築200年の古民家を移築した工房では、虎渓窯の作品を購入することができる
現在の作風へ繋がる、立体像への基礎を叩き込まれた学び
窯元の長男として生誕した圭介さん。父であり、先代である昌宏氏からは「好きな道を行けばいい」と言われ、跡を継ぐことは全く気にも止めず大学進学を考え始めた頃、先代から跡を継ぐように言われました。

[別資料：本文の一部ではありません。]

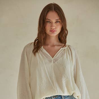 - Lightweight Texture: Made from soft pleated woven fabric with natural crinkle for subtle visual movement - Dramatic Bell Sleeves: Wide, flared sleeves add flow and drama to each movement - Open Tie-Back Design: Features a playful open back with two adjustable tie closures for a secure yet breezy fit - Asymmetrical Hemline: Angled cut creates a modern silhouette with a slightly cropped length - Boat Neckline: Clean neckline balances the drama of the sleeves and open back - Model is 5' 8" 30-24-34.5 and wearing a size Small This boho-chic blouse adds movement and edge, perfect for breezy styling from day to ni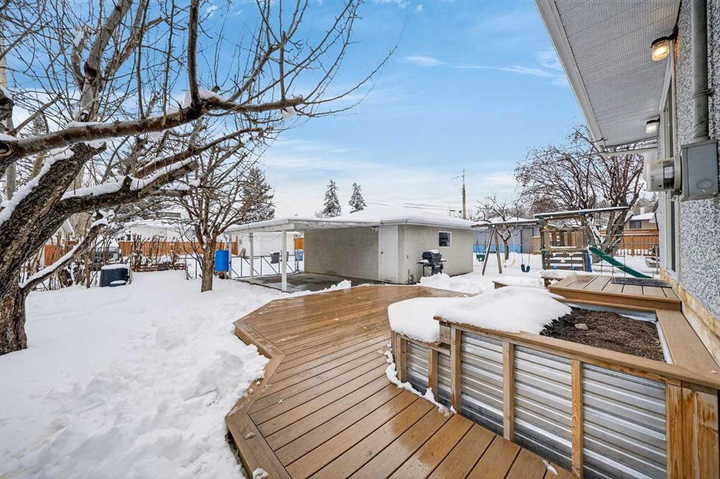 Welcome to this lovingly maintained and thoughtfully updated home in the highly desirable community of Haysboro, set on a beautiful 55 x 100 ft lot. Known for its mature tree-lined streets, family-friendly atmosphere, and unbeatable convenience, Haysboro offers quick access to downtown, major roadways, and transit—making it a top choice for commuters and families alike. Inside, you’ll find original hardwood floors, fresh paint throughout, and a flexible layout with 2 bedrooms plus a den that can easily convert back to a third bedroom upstairs. The renovated kitchen is bright and functional, opening onto a newer south-facing deck with built-in stepped planters—perfect for relaxing or entertaining in the sun. The backyard is a true retreat, featuring mature landscaping with pear, cherry and apple trees, perennials, and plenty of space to garden or unwind. Downstairs, the fully finished basement offers a spacious family room, bedroom with ensuite, flex area, newer carpet, and newer legal windows. French drains and updated window wells provide peace of mind and long-term durability. With an updated main bathroom and recently replaced windows, this home is move-in ready. Enjoy being just minutes from the LRT, with a quick and easy commute to downtown, as well as close proximity to schools, parks, shopping, and everyday amenities. This is a fantastic opportunity to own a beautifully updated home in one of Calgary’s most accessible and established neighborhoods.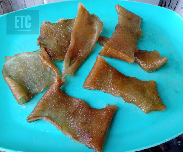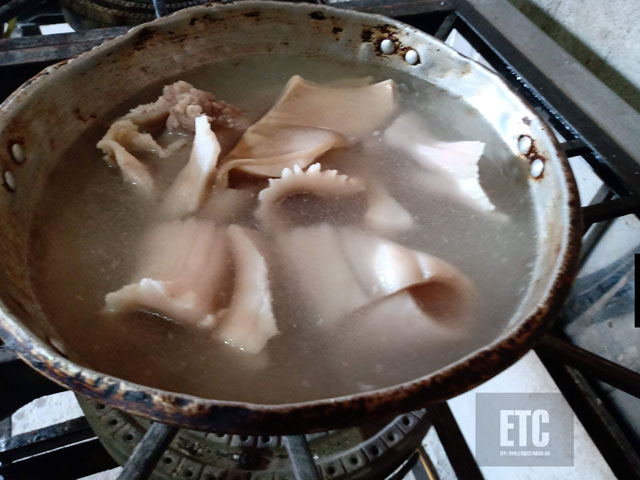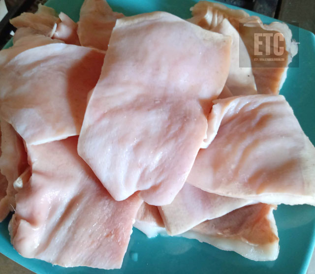 2..Luego de cocido terminamos de retirar la grasa de la piel de cerdo y lavamos de nuevo.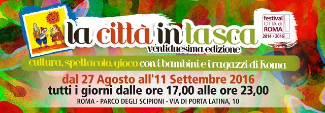ROMA – Sino all’11 settembre, tutti i giorni dalle 17 alle 23 torna con l’Estate Romana – al Parco degli Scipioni in via di Porta Latina, 10 – La città in tasca, cultura, spettacolo, gioco con i bambini e i ragazzi di Roma, organizzata dall’Arciragazzi Comitato di Roma e oggi alla Sua XXII edizione. La manifestazione è realizzata con il contributo di Roma Capitale, in collaborazione con la SIAE, è inserita nell’edizione 2016 dell’Estate Romana: “Roma, una Cultura Capitale”. L’appuntamento è riconosciuto come Festival di particolare interesse per la vita culturale della Città per il periodo 2014/2016. Un ricchissimo programma di teatro, musica, cinema, danza, laboratori, letture e tantissimi giochi, dedicato ai bambini dai 3 ai 12 anni, giunto alla 22esima edizione.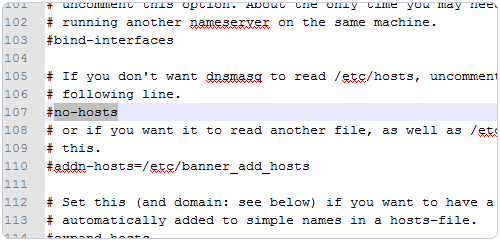 3、检查一下no-hosts前面是不是已经有了#号,默认的情况下是有的,dnsmasq 会首先寻找本地的 hosts 文件再去寻找缓存下来的域名, 最后去上游dns 服务器寻找。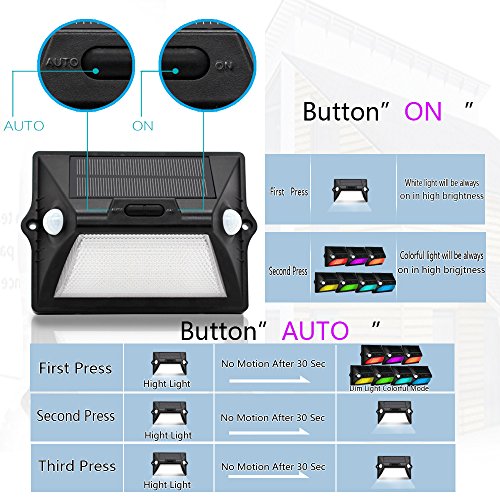 - 5 LIGHITNG MODES FOR CHOOSING: 2 buttons "Auto" &“On"for motion sensing and always on, easy to set. Colorful Light Sensor Mode (Strongly recommended) Mode2: Dim White Light Sensor Mode Mode3: Bright White Light Sensor Mode Mode4: Dim White Light Non-Sensor Mode Mode5: Colorful Light Non-Sensor Mode

「突然手のひらを返された」と振り返る圭介さん。口論になったものの、冷静に考えると自分には親の反対を押し切ってまでやりたいことや、明確な将来像がないことに気づき自ら窯を継ぐことを決意しました。「当時、学業の成績が振るわなかった自分を父は見かねていたのでは」と笑いながら話されます。
陶芸家の第一歩として、筑波大学彫塑領域へ進学された圭介さん。塑造を徹底して追求し、大学から大学院まで在学した6年間で学んだ『ものづくり』は今の作風にも大きな影響を与えています。素材は違えど、立体物を集中して作り上げることや形を見る視覚的な訓練は、陶芸に通じるものがあったそうです。
虎渓窯での修業開始と戸惑いの日々
大学院卒業後、虎渓窯で先代と共に働き始めた圭介さん。その頃を「右も左も全く分からない状況だった」と振り返ります。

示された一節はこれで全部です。